*EXERCISE DIRECTIONS*:
All pictures must be dropped, while the entries are given again word for word.

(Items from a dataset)
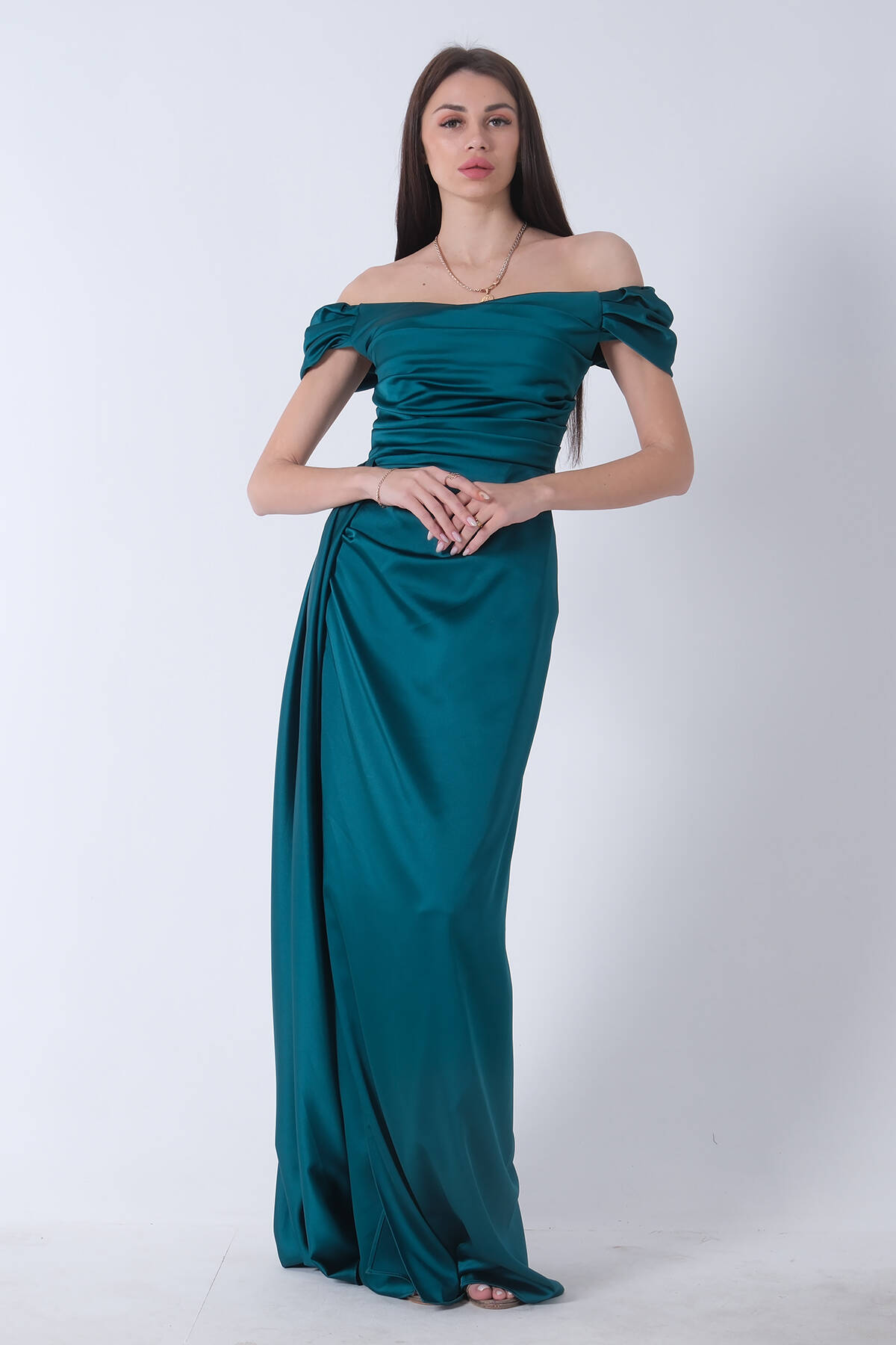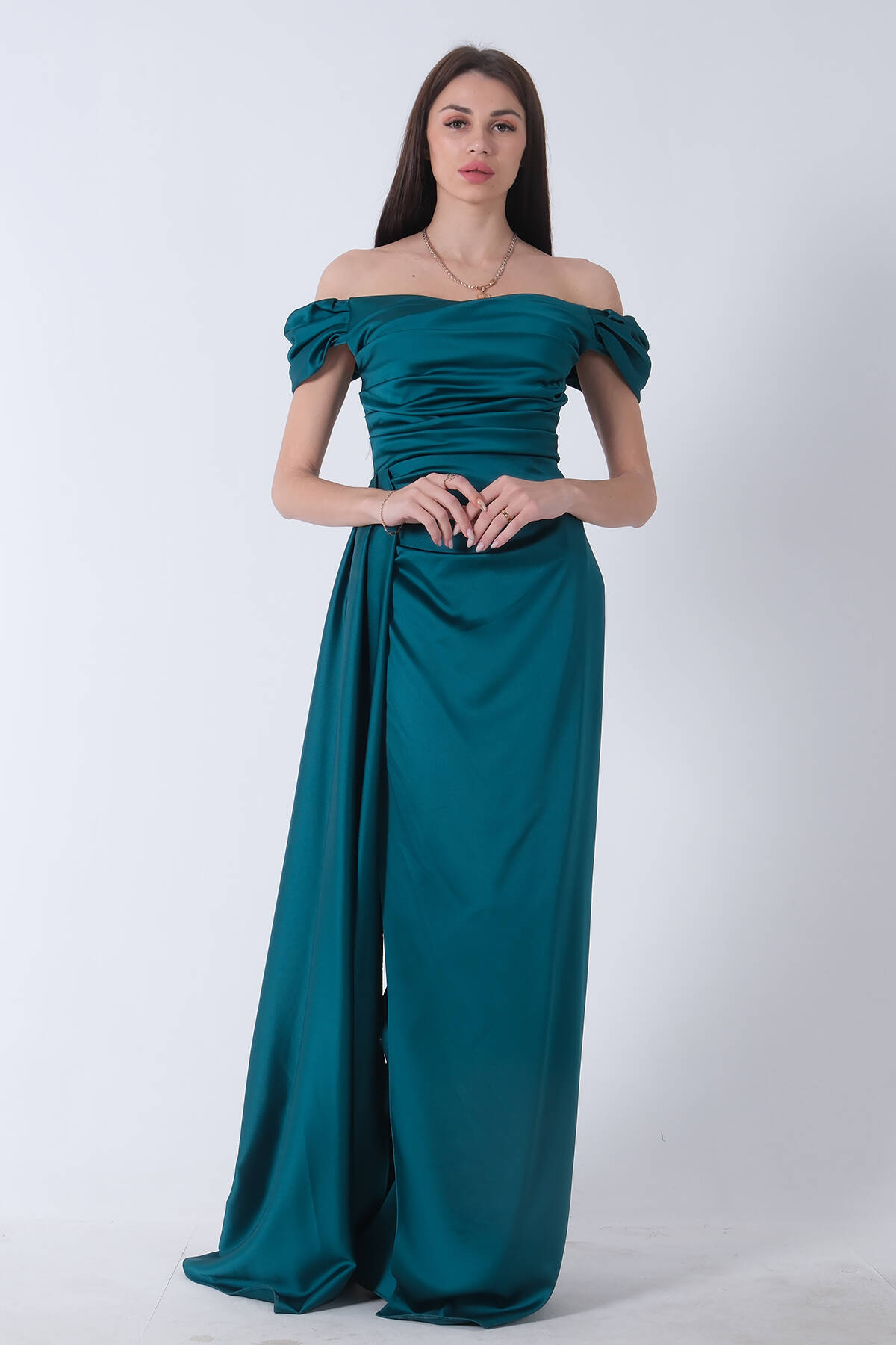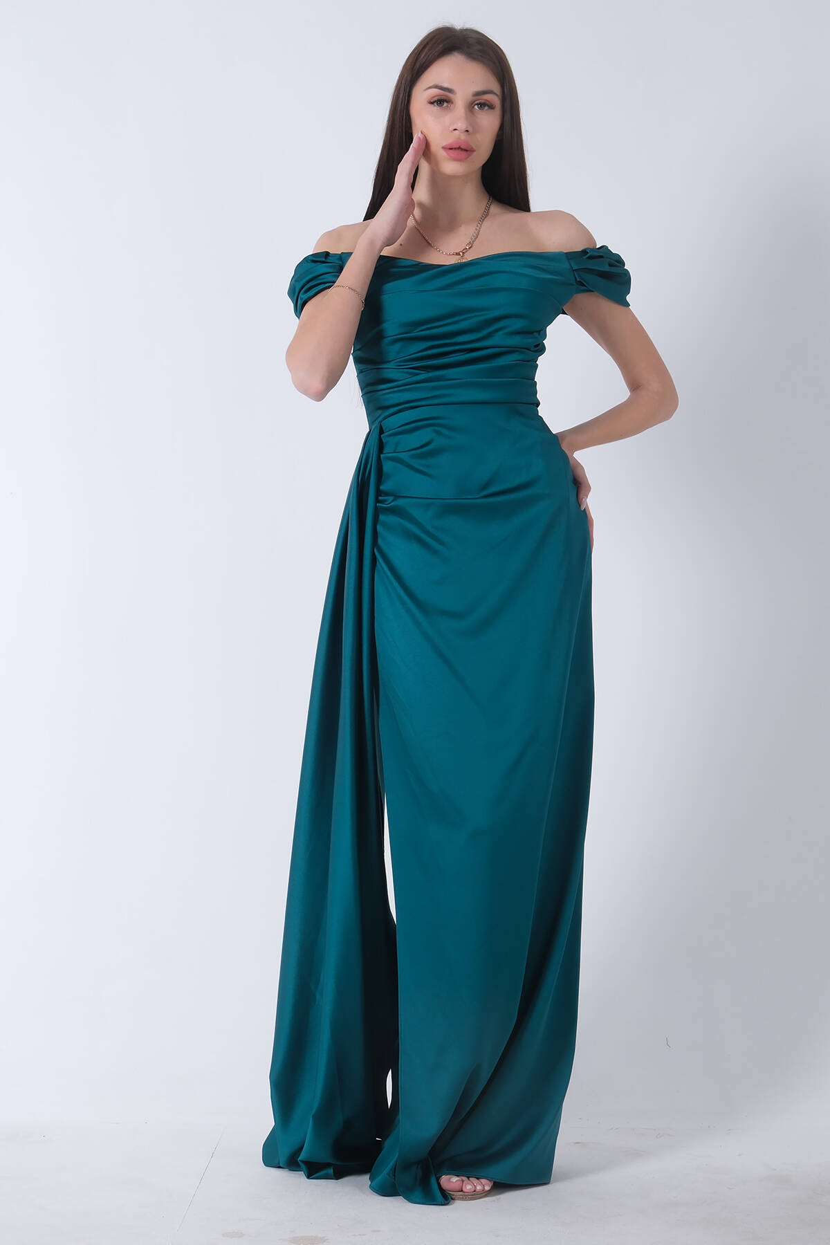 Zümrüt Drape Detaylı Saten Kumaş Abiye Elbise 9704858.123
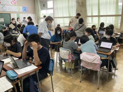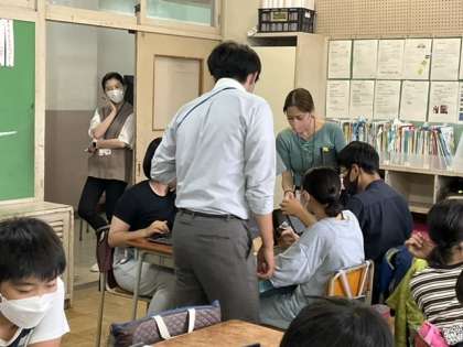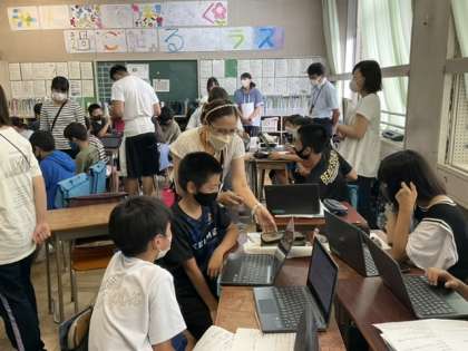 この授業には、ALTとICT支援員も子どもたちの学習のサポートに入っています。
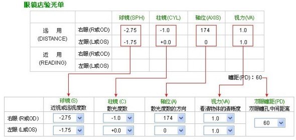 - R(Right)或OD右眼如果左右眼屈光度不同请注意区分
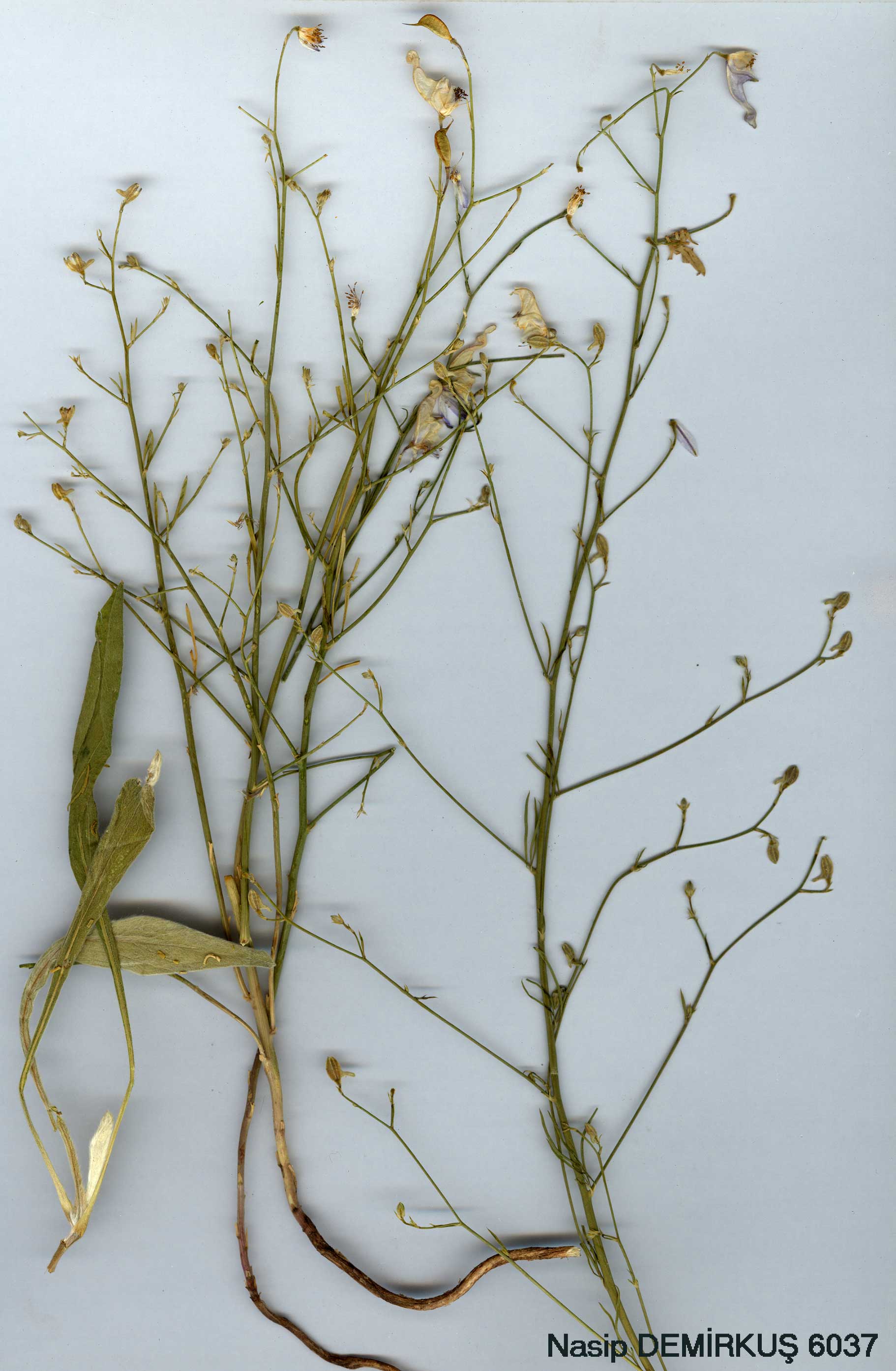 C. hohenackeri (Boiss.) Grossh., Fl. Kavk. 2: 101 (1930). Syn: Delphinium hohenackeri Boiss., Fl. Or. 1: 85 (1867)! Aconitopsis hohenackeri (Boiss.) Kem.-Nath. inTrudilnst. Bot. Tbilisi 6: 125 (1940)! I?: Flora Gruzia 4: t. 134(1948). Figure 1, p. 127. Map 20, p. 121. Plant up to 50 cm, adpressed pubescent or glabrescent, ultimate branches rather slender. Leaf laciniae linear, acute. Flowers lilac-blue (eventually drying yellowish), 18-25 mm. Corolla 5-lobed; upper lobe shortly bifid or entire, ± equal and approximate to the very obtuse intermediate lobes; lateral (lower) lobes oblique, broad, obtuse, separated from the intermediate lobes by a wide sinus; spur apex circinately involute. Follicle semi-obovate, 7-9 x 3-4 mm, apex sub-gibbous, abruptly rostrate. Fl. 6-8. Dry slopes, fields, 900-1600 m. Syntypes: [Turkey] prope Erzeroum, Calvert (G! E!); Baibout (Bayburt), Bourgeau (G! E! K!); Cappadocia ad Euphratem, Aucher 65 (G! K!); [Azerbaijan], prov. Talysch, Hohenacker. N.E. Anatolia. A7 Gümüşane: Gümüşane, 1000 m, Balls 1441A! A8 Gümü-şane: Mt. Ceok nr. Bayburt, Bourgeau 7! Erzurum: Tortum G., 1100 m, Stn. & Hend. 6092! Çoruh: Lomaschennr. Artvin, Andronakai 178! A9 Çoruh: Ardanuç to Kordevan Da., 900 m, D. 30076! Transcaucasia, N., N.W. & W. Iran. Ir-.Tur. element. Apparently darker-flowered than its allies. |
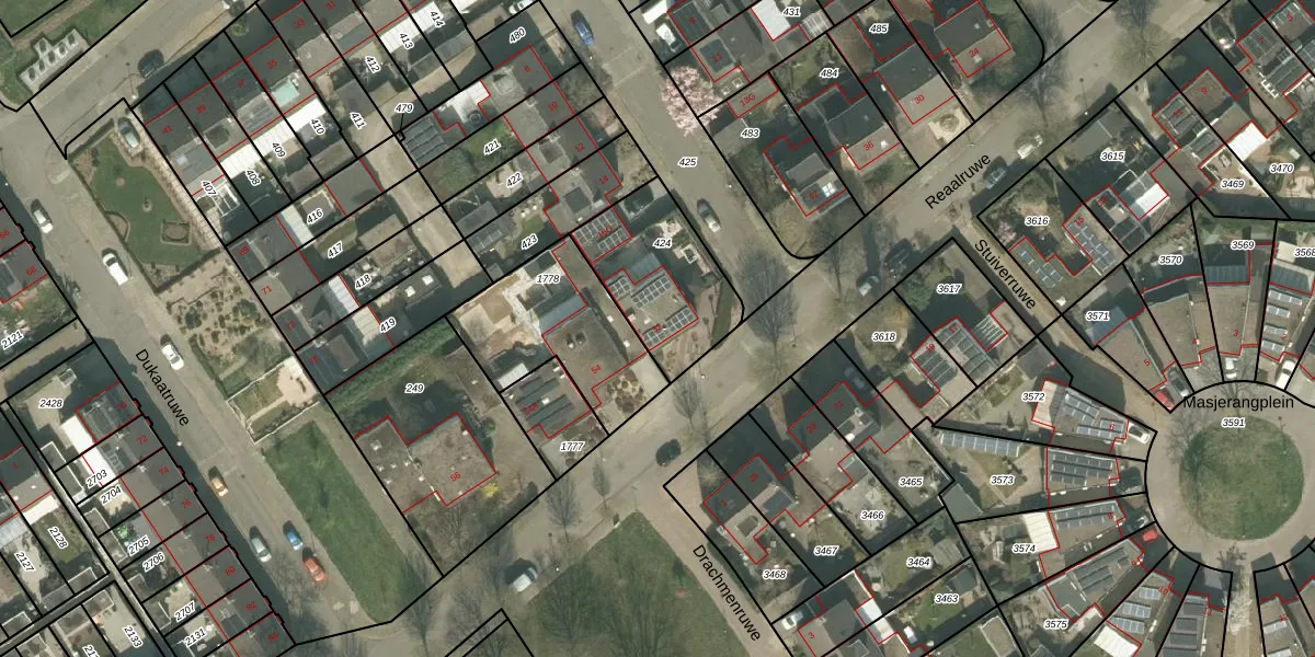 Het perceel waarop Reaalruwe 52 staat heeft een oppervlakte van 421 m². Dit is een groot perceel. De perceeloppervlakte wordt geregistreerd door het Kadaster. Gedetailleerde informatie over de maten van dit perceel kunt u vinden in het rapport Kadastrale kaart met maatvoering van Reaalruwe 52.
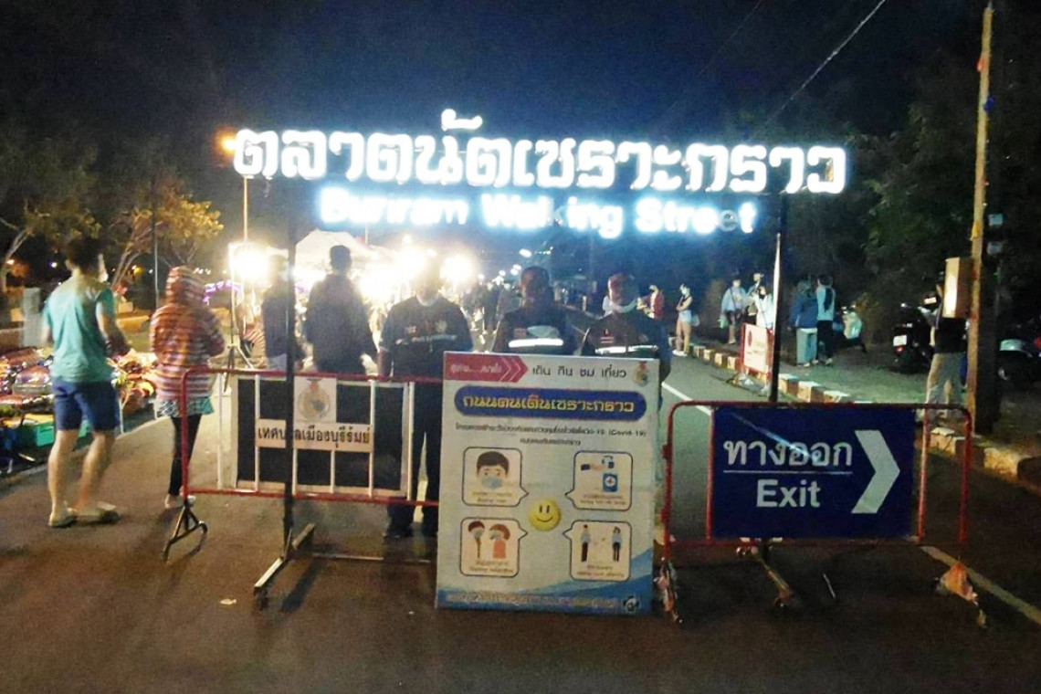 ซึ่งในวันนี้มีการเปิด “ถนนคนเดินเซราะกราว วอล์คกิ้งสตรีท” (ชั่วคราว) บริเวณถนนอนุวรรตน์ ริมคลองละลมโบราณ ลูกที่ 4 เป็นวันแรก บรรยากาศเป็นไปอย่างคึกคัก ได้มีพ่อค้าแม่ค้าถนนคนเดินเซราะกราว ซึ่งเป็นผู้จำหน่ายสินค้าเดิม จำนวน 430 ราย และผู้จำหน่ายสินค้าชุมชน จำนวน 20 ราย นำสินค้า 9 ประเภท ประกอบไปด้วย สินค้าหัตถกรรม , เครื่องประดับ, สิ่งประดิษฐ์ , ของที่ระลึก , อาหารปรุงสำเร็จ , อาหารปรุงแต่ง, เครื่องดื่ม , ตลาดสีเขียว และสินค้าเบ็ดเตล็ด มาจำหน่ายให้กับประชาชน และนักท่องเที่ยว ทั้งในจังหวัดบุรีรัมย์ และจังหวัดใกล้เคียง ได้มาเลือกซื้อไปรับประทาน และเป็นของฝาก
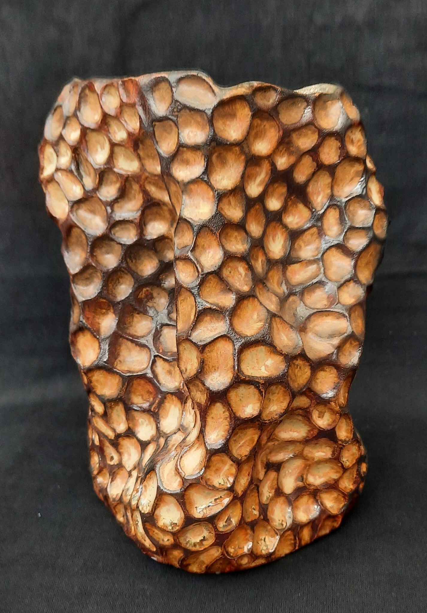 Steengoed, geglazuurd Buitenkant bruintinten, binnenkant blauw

*TASK RESULT*:
 Zümrüt Drape Detaylı Saten Kumaş Abiye Elbise 9704858.123
 この授業には、ALTとICT支援員も子どもたちの学習のサポートに入っています。
 - R(Right)或OD右眼如果左右眼屈光度不同请注意区分
 C. hohenackeri (Boiss.) Grossh., Fl. Kavk. 2: 101 (1930). Syn: Delphinium hohenackeri Boiss., Fl. Or. 1: 85 (1867)! Aconitopsis hohenackeri (Boiss.) Kem.-Nath. inTrudilnst. Bot. Tbilisi 6: 125 (1940)! I?: Flora Gruzia 4: t. 134(1948). Figure 1, p. 127. Map 20, p. 121. Plant up to 50 cm, adpressed pubescent or glabrescent, ultimate branches rather slender. Leaf laciniae linear, acute. Flowers lilac-blue (eventually drying yellowish), 18-25 mm. Corolla 5-lobed; upper lobe shortly bifid or entire, ± equal and approximate to the very obtuse intermediate lobes; lateral (lower) lobes oblique, broad, obtuse, separated from the intermediate lobes by a wide sinus; spur apex circinately involute. Follicle semi-obovate, 7-9 x 3-4 mm, apex sub-gibbous, abruptly rostrate. Fl. 6-8. Dry slopes, fields, 900-1600 m. Syntypes: [Turkey] prope Erzeroum, Calvert (G! E!); Baibout (Bayburt), Bourgeau (G! E! K!); Cappadocia ad Euphratem, Aucher 65 (G! K!); [Azerbaijan], prov. Talysch, Hohenacker. N.E. Anatolia. A7 Gümüşane: Gümüşane, 1000 m, Balls 1441A! A8 Gümü-şane: Mt. Ceok nr. Bayburt, Bourgeau 7! Erzurum: Tortum G., 1100 m, Stn. & Hend. 6092! Çoruh: Lomaschennr. Artvin, Andronakai 178! A9 Çoruh: Ardanuç to Kordevan Da., 900 m, D. 30076! Transcaucasia, N., N.W. & W. Iran. Ir-.Tur. element. Apparently darker-flowered than its allies. |
 Het perceel waarop Reaalruwe 52 staat heeft een oppervlakte van 421 m². Dit is een groot perceel. De perceeloppervlakte wordt geregistreerd door het Kadaster. Gedetailleerde informatie over de maten van dit perceel kunt u vinden in het rapport Kadastrale kaart met maatvoering van Reaalruwe 52.
 ซึ่งในวันนี้มีการเปิด “ถนนคนเดินเซราะกราว วอล์คกิ้งสตรีท” (ชั่วคราว) บริเวณถนนอนุวรรตน์ ริมคลองละลมโบราณ ลูกที่ 4 เป็นวันแรก บรรยากาศเป็นไปอย่างคึกคัก ได้มีพ่อค้าแม่ค้าถนนคนเดินเซราะกราว ซึ่งเป็นผู้จำหน่ายสินค้าเดิม จำนวน 430 ราย และผู้จำหน่ายสินค้าชุมชน จำนวน 20 ราย นำสินค้า 9 ประเภท ประกอบไปด้วย สินค้าหัตถกรรม , เครื่องประดับ, สิ่งประดิษฐ์ , ของที่ระลึก , อาหารปรุงสำเร็จ , อาหารปรุงแต่ง, เครื่องดื่ม , ตลาดสีเขียว และสินค้าเบ็ดเตล็ด มาจำหน่ายให้กับประชาชน และนักท่องเที่ยว ทั้งในจังหวัดบุรีรัมย์ และจังหวัดใกล้เคียง ได้มาเลือกซื้อไปรับประทาน และเป็นของฝาก
 Steengoed, geglazuurd Buitenkant bruintinten, binnenkant blauw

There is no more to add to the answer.